Second, like national democracies, the European Union has a system of checks and balances between institutions such as the Parliament, the Commission, the Council or the European Court of Justice. Last but not least, the European Union is ruled by law as all its policies are passed in accordance with treaties and, crucially, a general base of democratic values adopted with the Nice treaty in 2001. These values include freedom of speech, popular sovereignty and general interest, or in other words, values which characterise every national democracy.

To put it briefly, the European Union mainly consists of institutions similar to the national ones. In both, we have democratic elements such as accountability or a system of checks and balances, and both share the same values. However, the European Union is much more criticised for not being democratic than nation states, which leads us to think that either the “democratic deficit” of the former might be overestimated, or vice versa.

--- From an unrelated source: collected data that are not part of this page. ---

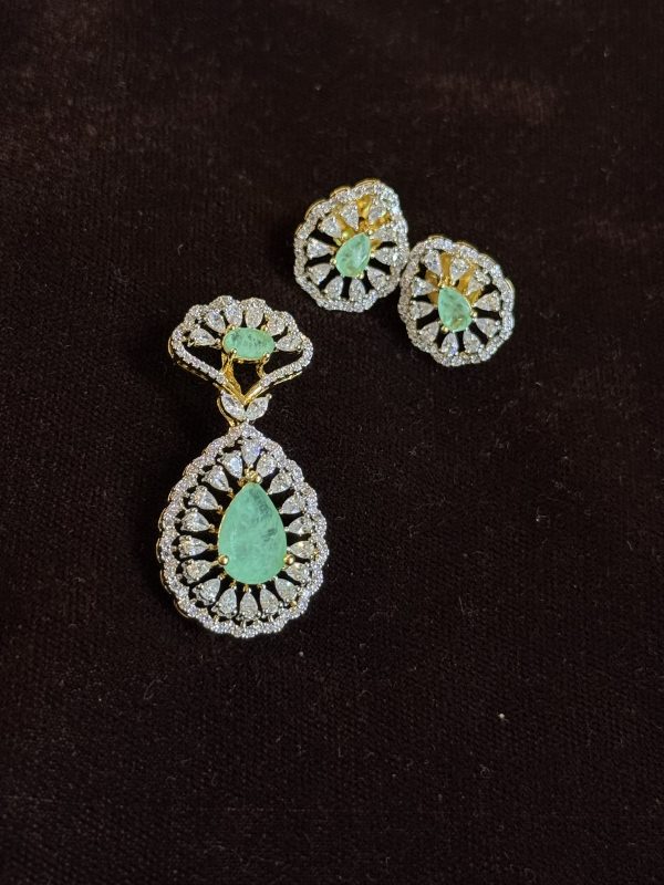 LJ01054-Sea green AD pendent with earrings
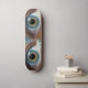 Bilden i Pastel Färg är ett blått Öga i en ramkonsform.
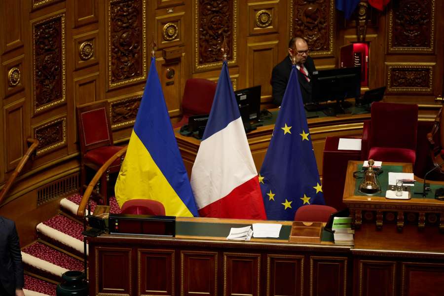 Маю особливу честь перебувати сьогодні у Сенаті Французької Республіки і звернутися до вас із словом з охопленої полум’ям війни України.
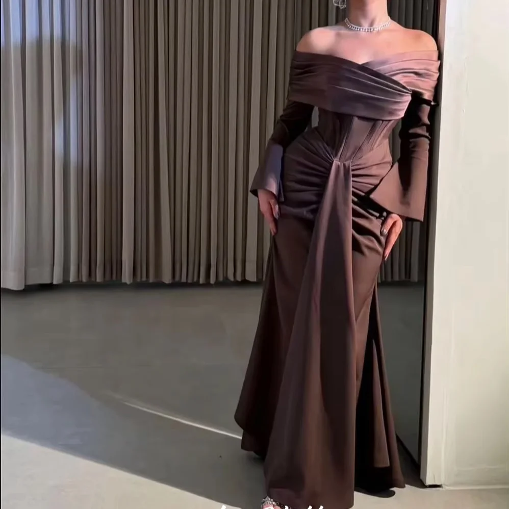 Brown Off the Shoulder Prom Dresses 2025 Satin Long Sleeve Corset Mermaid Pleated Backless Zip Wedding Party Dress Customized

The need for a sui generis political theory

With that being said, authors like Andrew Moravcsik and Antoine Vauchez insist on not comparing the European democracy to a national democracy. On the contrary, we should take into account the fact that the EU is a sui generis entity because it’s neither a state nor a banal international institution. It has much more power than the latter and less power than the former.

Beyond this sui generis political power, the European Union also has a singular institutional scheme which is, despite the similarities to national-level counterparts, different from the typical national-level system. For instance, it is impossible to compare the Commission to a government since the executive power is shared with the European Council and the Council of the EU. Nonetheless, it is currently very difficult to assess to what extent those singular institutions are democratic since most of the political theories are state-oriented. Thus, to analyse whether the European Union matches all the required features of a European democratic regime, or in other words to address in a more detailed manner the issue concerning the “democratic deficit”, it is necessary to develop more in-depth political theories which take into account the sui generis nature of the European Union.

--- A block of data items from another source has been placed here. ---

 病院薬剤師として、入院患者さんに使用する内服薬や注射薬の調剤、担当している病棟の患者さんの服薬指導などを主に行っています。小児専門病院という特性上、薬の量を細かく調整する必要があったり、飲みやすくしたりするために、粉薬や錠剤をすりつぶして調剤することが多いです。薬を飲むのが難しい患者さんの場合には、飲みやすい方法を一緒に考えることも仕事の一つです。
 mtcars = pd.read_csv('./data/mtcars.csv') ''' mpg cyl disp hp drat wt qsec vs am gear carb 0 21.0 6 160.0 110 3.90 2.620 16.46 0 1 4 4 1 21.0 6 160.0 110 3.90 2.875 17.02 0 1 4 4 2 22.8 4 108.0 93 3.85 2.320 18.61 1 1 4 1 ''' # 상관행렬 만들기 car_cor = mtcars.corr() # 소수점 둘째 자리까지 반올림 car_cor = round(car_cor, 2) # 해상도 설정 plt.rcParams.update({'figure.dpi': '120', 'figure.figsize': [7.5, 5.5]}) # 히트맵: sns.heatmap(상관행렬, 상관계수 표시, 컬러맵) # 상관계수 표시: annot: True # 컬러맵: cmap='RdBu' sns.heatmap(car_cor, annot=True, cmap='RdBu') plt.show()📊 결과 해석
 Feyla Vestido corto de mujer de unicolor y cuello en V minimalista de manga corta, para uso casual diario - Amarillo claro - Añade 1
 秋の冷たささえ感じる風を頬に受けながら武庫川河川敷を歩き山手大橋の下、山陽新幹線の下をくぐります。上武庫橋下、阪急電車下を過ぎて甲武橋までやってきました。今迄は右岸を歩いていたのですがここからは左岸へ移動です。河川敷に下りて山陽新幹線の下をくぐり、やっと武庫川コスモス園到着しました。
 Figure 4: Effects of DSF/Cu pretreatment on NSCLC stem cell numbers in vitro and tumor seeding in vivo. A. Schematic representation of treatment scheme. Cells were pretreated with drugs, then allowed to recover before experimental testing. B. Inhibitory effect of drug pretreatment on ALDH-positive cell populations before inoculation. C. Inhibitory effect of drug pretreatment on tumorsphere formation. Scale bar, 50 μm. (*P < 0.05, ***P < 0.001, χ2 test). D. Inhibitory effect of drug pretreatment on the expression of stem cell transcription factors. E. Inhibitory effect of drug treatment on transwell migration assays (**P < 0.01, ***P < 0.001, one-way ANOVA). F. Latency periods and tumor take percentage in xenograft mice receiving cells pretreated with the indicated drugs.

To sum up, all we can conclude so far are three main points. Firstly, the EU is criticised for its unrepresentative institutional scheme and for not being supported by citizens through high electoral turnouts. Secondly, this criticism concerning the European Union might be exaggerated, or alternatively the democratic feature of nation states should also be questioned. Thirdly, it is complicated to truly assess to what extent the European Union is democratic since the literature does not truly take into account the sui generis nature of the European Union.


[1See Azman, K. (2011). « The Problem of “democratic deficit” in the European Union », International Journal of Humanities and Social Science, 5 (1), p. 242.

[2See Vauchez, A. (2016). Democratizing Europe. Europe in Transition: The NYU European Studies Series.

[3Moravcsik, A. (2003). « Le mythe du déficit démocratique européen », Raisons politiques, 10 (2), p. 87-105.